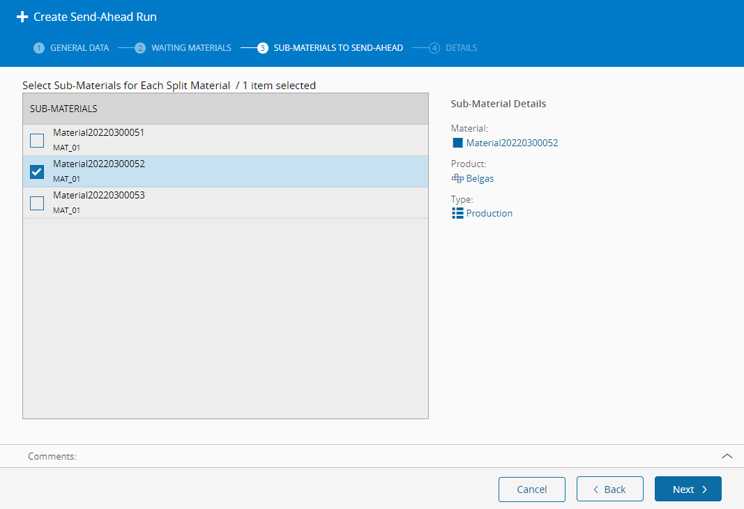 In this step select which of the Sub-Materials to be included in the Send-Ahead Run. At least one Sub-Material must be selected.
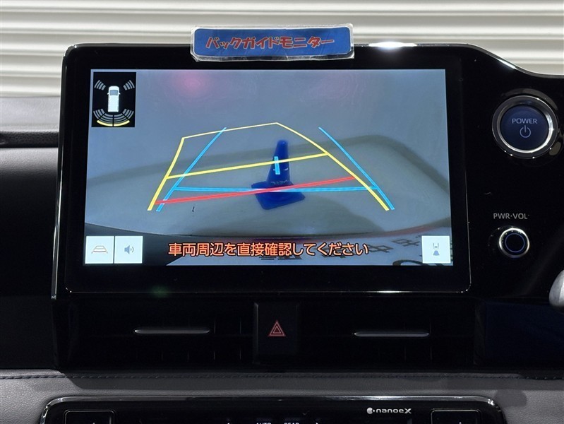 <バックガイドモニター>大画面なので大きく映り、ハンドル操作に連動した予想進路図を確認しながら、より安全に駐車できます!補助装置になりますので、目視でもご確認ください。
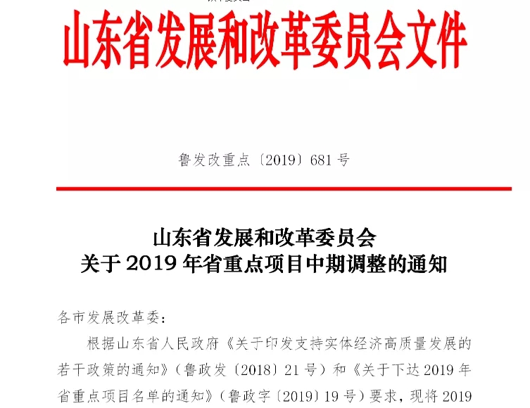 (2019年1月23日山东省重点项目名单)
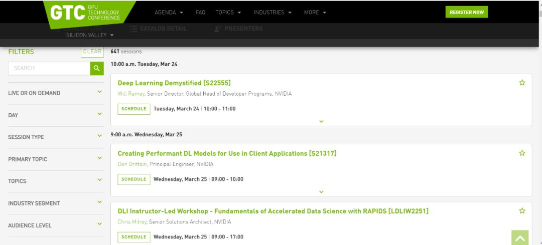 您也可以根据时间、类型、主题、行业、难度等维度筛选适合您的内容分享,包括网络直播研讨会、DLI 深度学习学院培训,以及与技术专家连线环节。数百个线上干货议程任你挑!
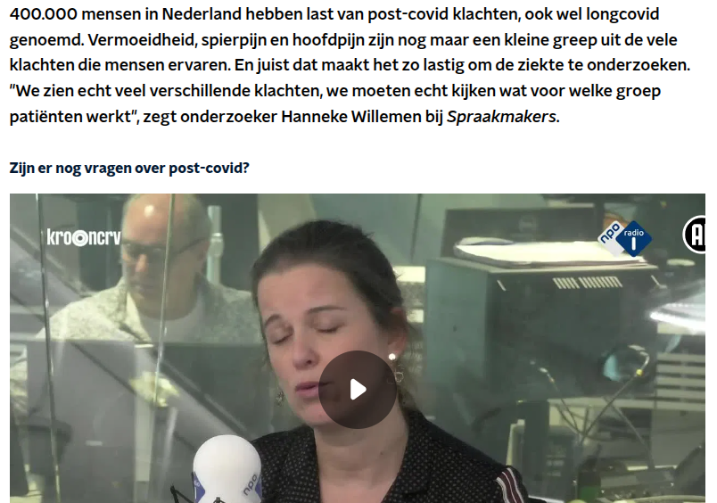 Bij NPO radio 1 werd long Covid besproken. Ook daar lijkt het idee te leven dat long Covid iets is wat vooral in de afgelopen jaren optrad, en nu niet meer. Misschien komt dat doordat de media nu alleen nog maar over “griep” en “stress” spreken?
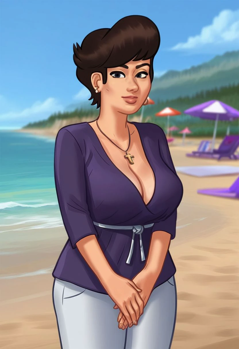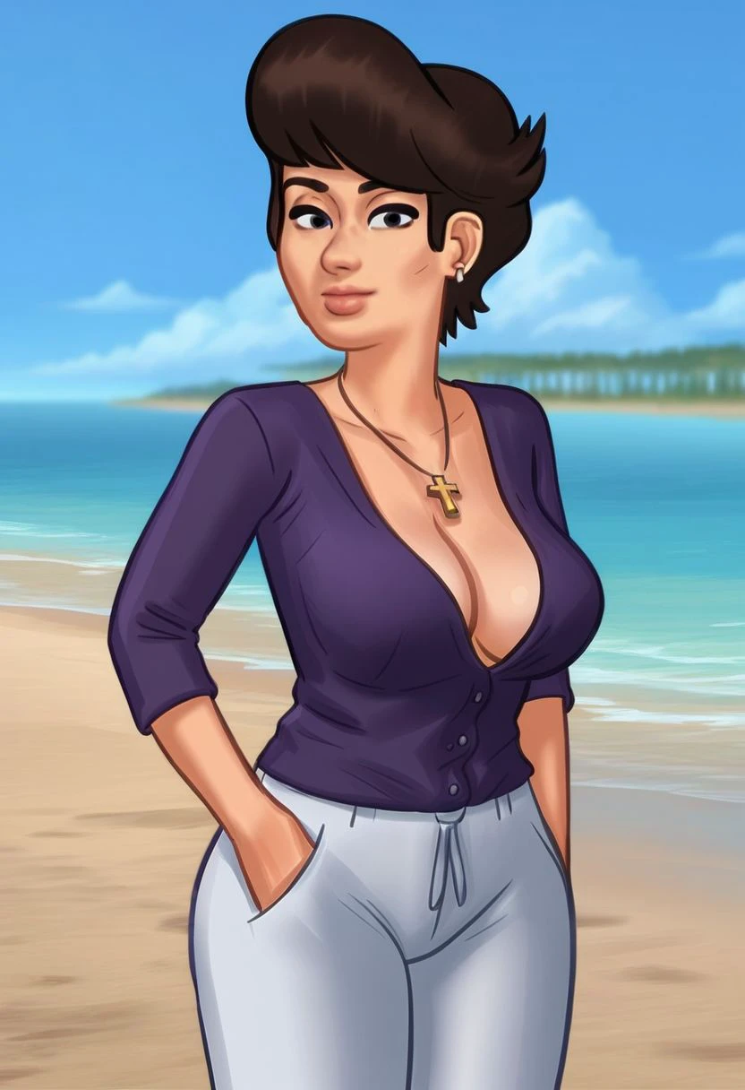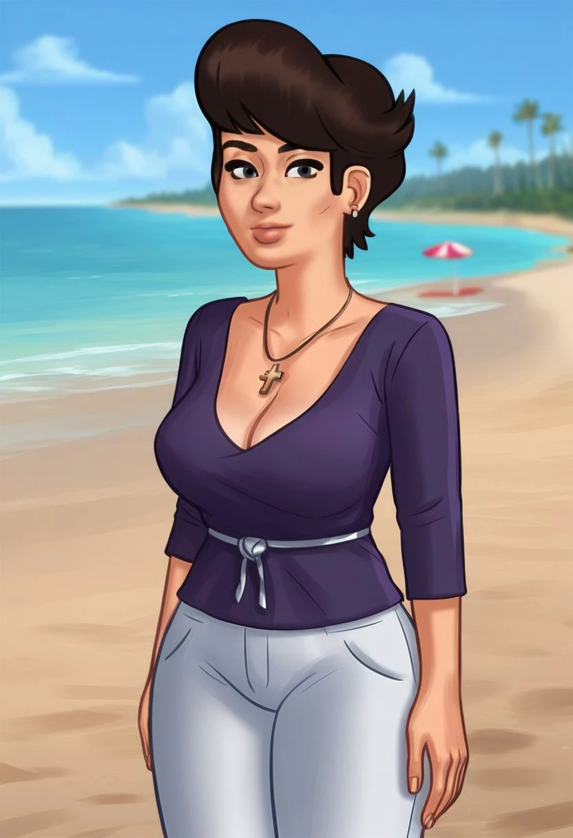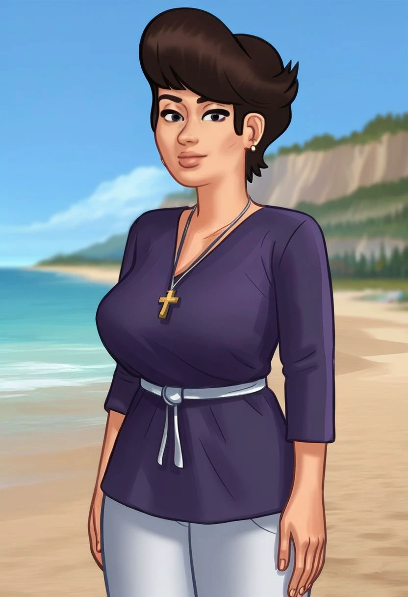 1girl, medium breasts, mature female, black eyes, brown hair, short hair
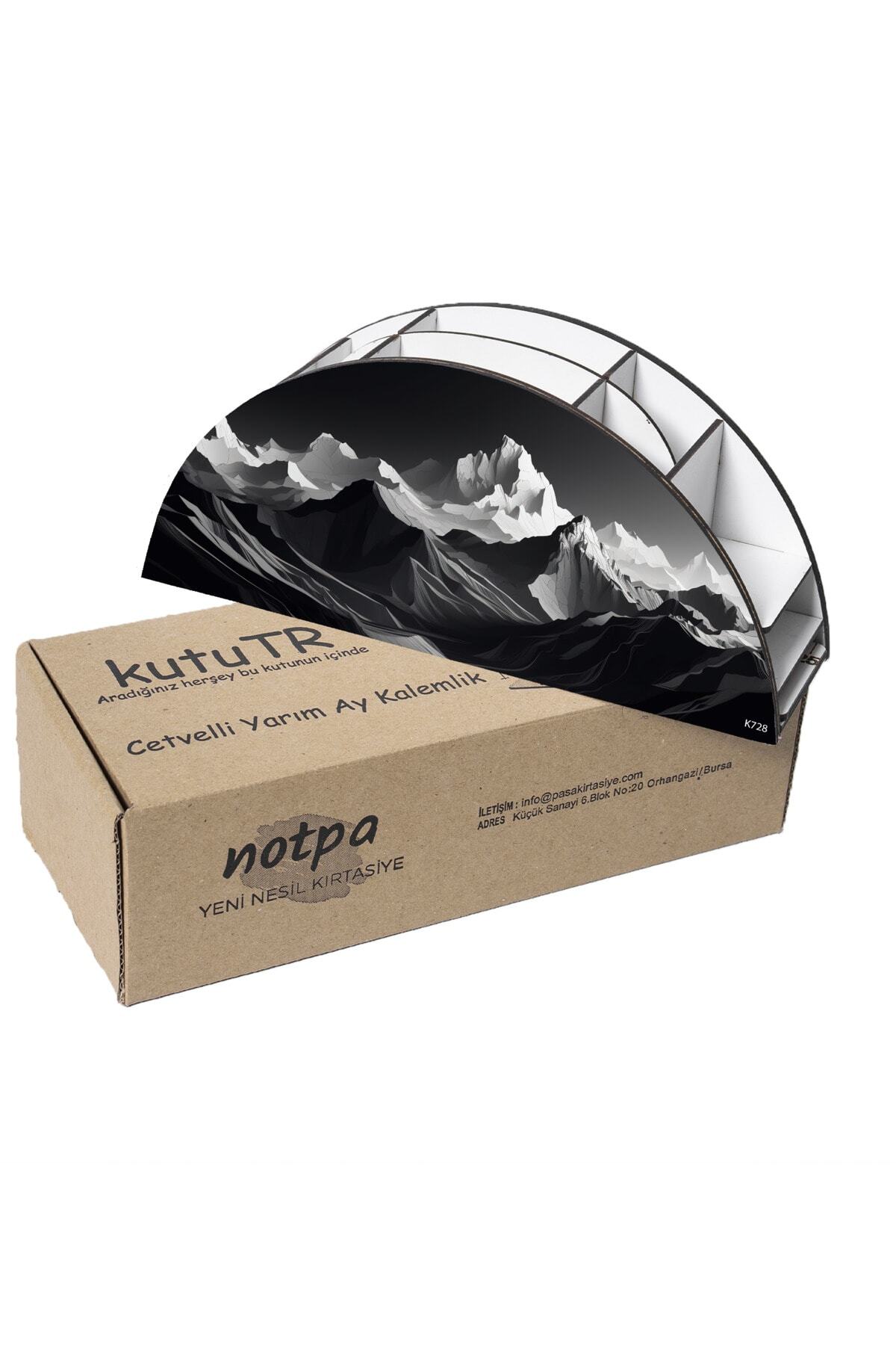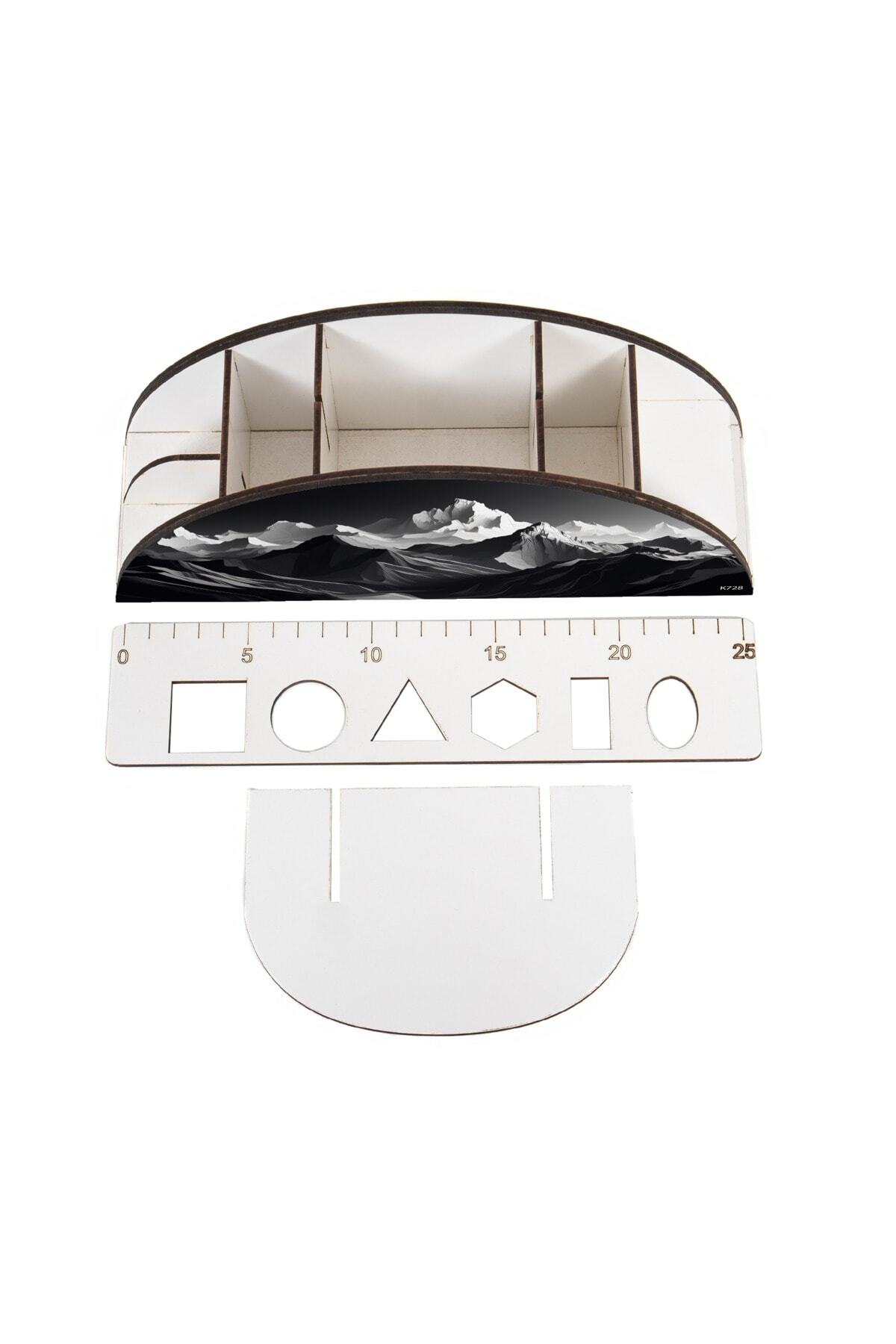 Ahşap VİP Dağ Serisi Gökkuşağı Cetvelli Masaüstü Kalemlik Organizer Montajlı Kutulu
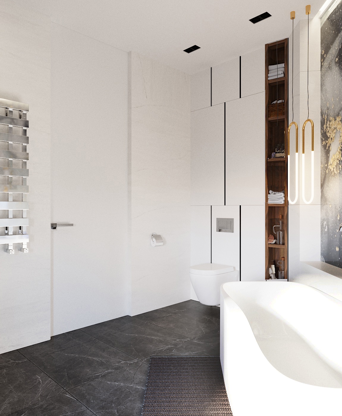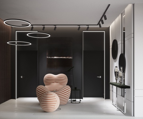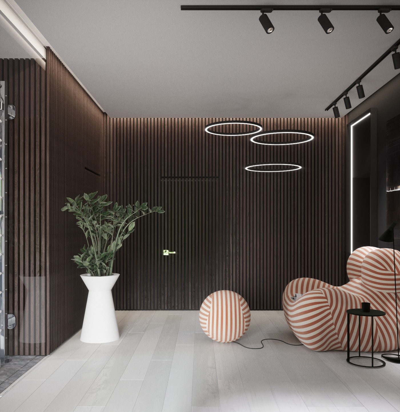 Из большого холла мы попадаем либо на лестницу, либо в гараж, гостевую спальню санузел и широкий проем в гостиную. Много дверей, заметили? Но все они скрыты под отделкой стен, такой прием можно осуществить используя двери скрытого монтажа, их можно покрывать тем же материалом, что и стены, а если дополнительно выфрезировать на них место под керамогранит изи зеркало, то они так же будут незаметны, как в нашем случае, в холе 2го этажа тоже много дверей(4), 2 из них мы прячем под деревянные рейки, а 2 другие визуально увеличиваем по высоте и делаем из них арт-объекты.
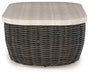 Add luxury, convenience and durability to alfresco fun. This outdoor coffee table captures the textural beauty of wicker while withstanding the elements, from rain to shine. With its marble-look aluminum top, you can stylishly stage decor or keep snacks and drinks in reach.
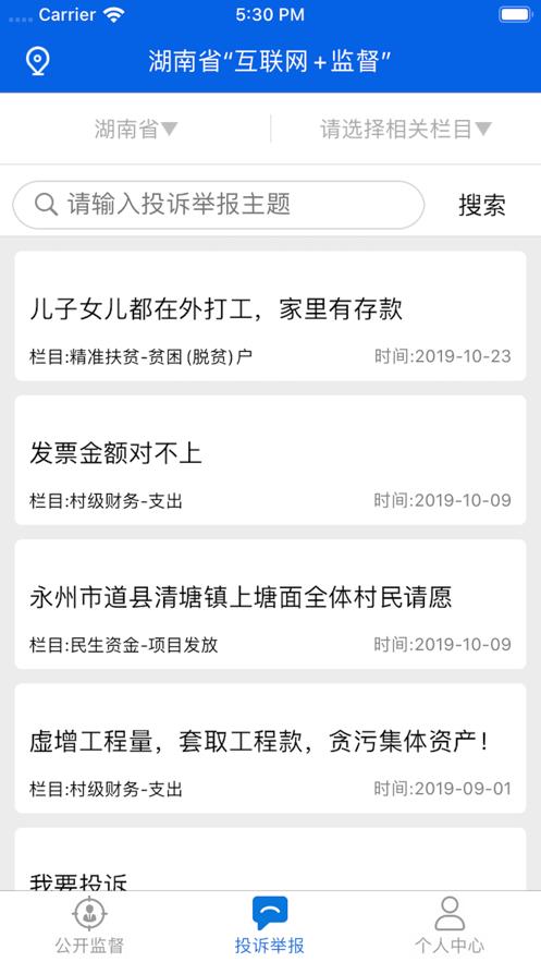 三湘e监督设置民生项目、精准扶贫、村级财务、投诉举报等模块,
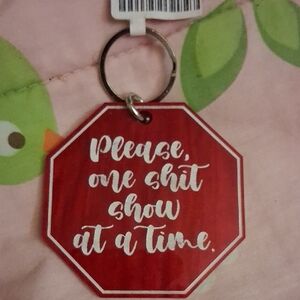 Red octagonal keychain featuring a humorous quote. Perfect for adding a touch of fun to your keys.

* [Problem]
Skip the pictures, please, and transcribe only the lines from the beginning of the material through the one that contains "Ahşap VİP Dağ".

* [Task solution]
 In this step select which of the Sub-Materials to be included in the Send-Ahead Run. At least one Sub-Material must be selected.
 <バックガイドモニター>大画面なので大きく映り、ハンドル操作に連動した予想進路図を確認しながら、より安全に駐車できます!補助装置になりますので、目視でもご確認ください。
 (2019年1月23日山东省重点项目名单)
 您也可以根据时间、类型、主题、行业、难度等维度筛选适合您的内容分享,包括网络直播研讨会、DLI 深度学习学院培训,以及与技术专家连线环节。数百个线上干货议程任你挑!
 Bij NPO radio 1 werd long Covid besproken. Ook daar lijkt het idee te leven dat long Covid iets is wat vooral in de afgelopen jaren optrad, en nu niet meer. Misschien komt dat doordat de media nu alleen nog maar over “griep” en “stress” spreken?
 1girl, medium breasts, mature female, black eyes, brown hair, short hair
 Ahşap VİP Dağ Serisi Gökkuşağı Cetvelli Masaüstü Kalemlik Organizer Montajlı Kutulu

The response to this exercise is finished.